Media and film studies
Viewing Women
Module code: P3047
Level 6
30 credits in spring semester
Teaching method: Seminar, Film
Assessment modes: Coursework
This module looks at how women are represented in film and how female audiences engage with those representations.
You’ll study:
- early feminist ideas about women in film, such as Laura Mulvey’s concept of women being shown as objects of the male gaze, shaped to fit male desires
- how female viewers relate to specific film genres like melodrama, “women’s films,” and horror, creating their own meanings and pleasures despite being positioned by the films in certain ways
- more recent trends, like how mainstream films reflect postfeminist ideas and how films made by women respond to these cultural changes.
The module will trace these shifts and debates, exploring the relationships between films, their cultural contexts, and their female audiences. You’ll dive into feminist film research to better understand how films portray and position women.
You’ll also analyse a range of films featuring women on-screen and behind the camera.

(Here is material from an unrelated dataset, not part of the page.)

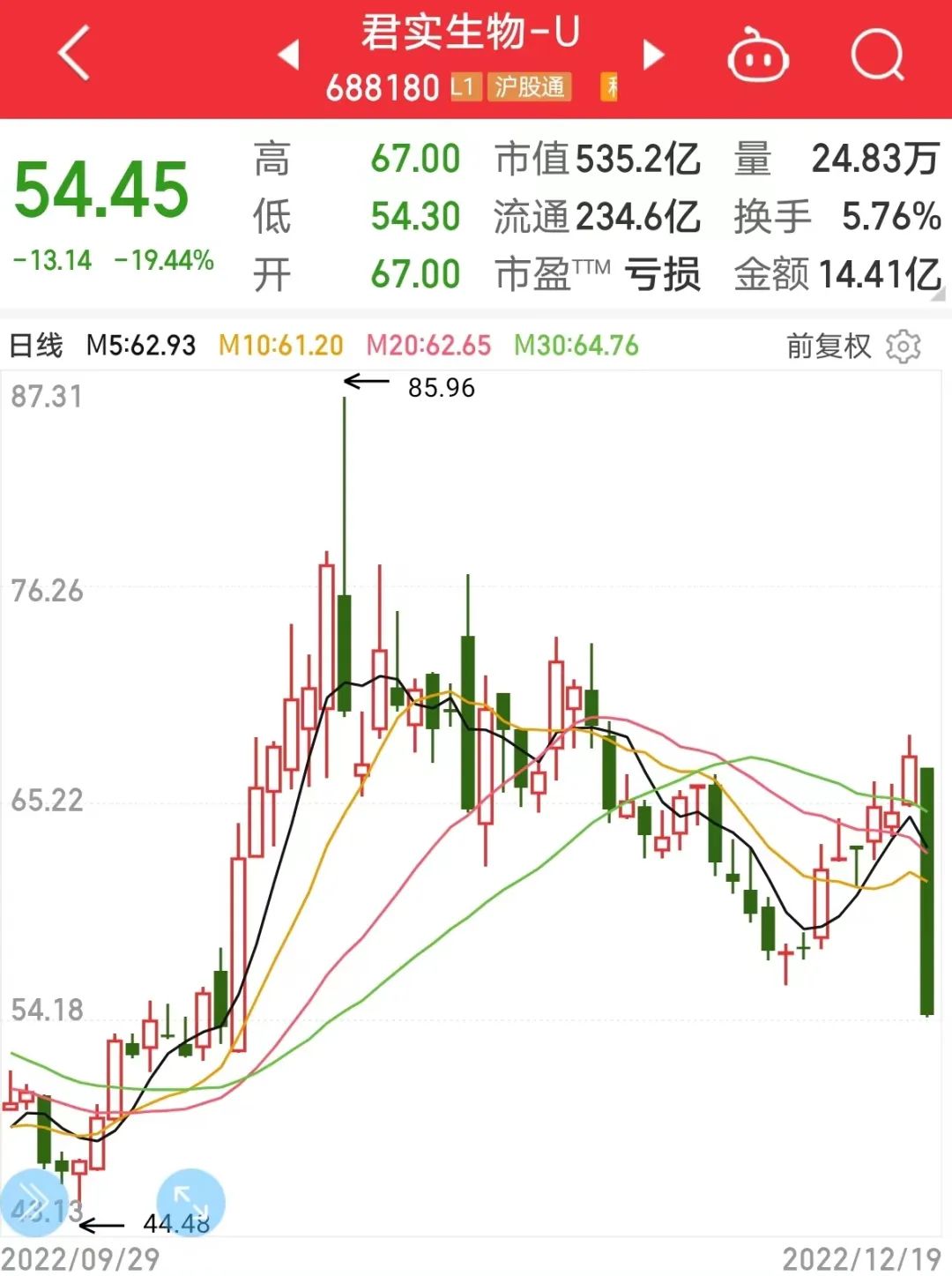 跌幅最大的是君实生物-U,该股今日下跌19.44%,股价跌破60日均线,A股市值单日减少100.33亿元。该公司是创新药龙头之一,公司过去数年净利润持续亏损,今年前三季度净利润亏损15.95亿元。截至三季度末,公司股东户数3.6万户。

The module emphasizes diverse perspectives, promoting intersectional and global feminist views that challenge the Western and white-dominated focus of earlier feminist approaches.
Module learning outcomes
- Demonstrate a coherent and specialist knowledge of feminist film and media theory and criticism.
- Identify, describe and evaluate approaches central to this body of work, including leading contemporary scholarship.
- Apply these approaches, orally and in written form, in the critical analysis of film, and where applicable, television texts, and effectively argue a position.
- Work effectively independently and collaboratively.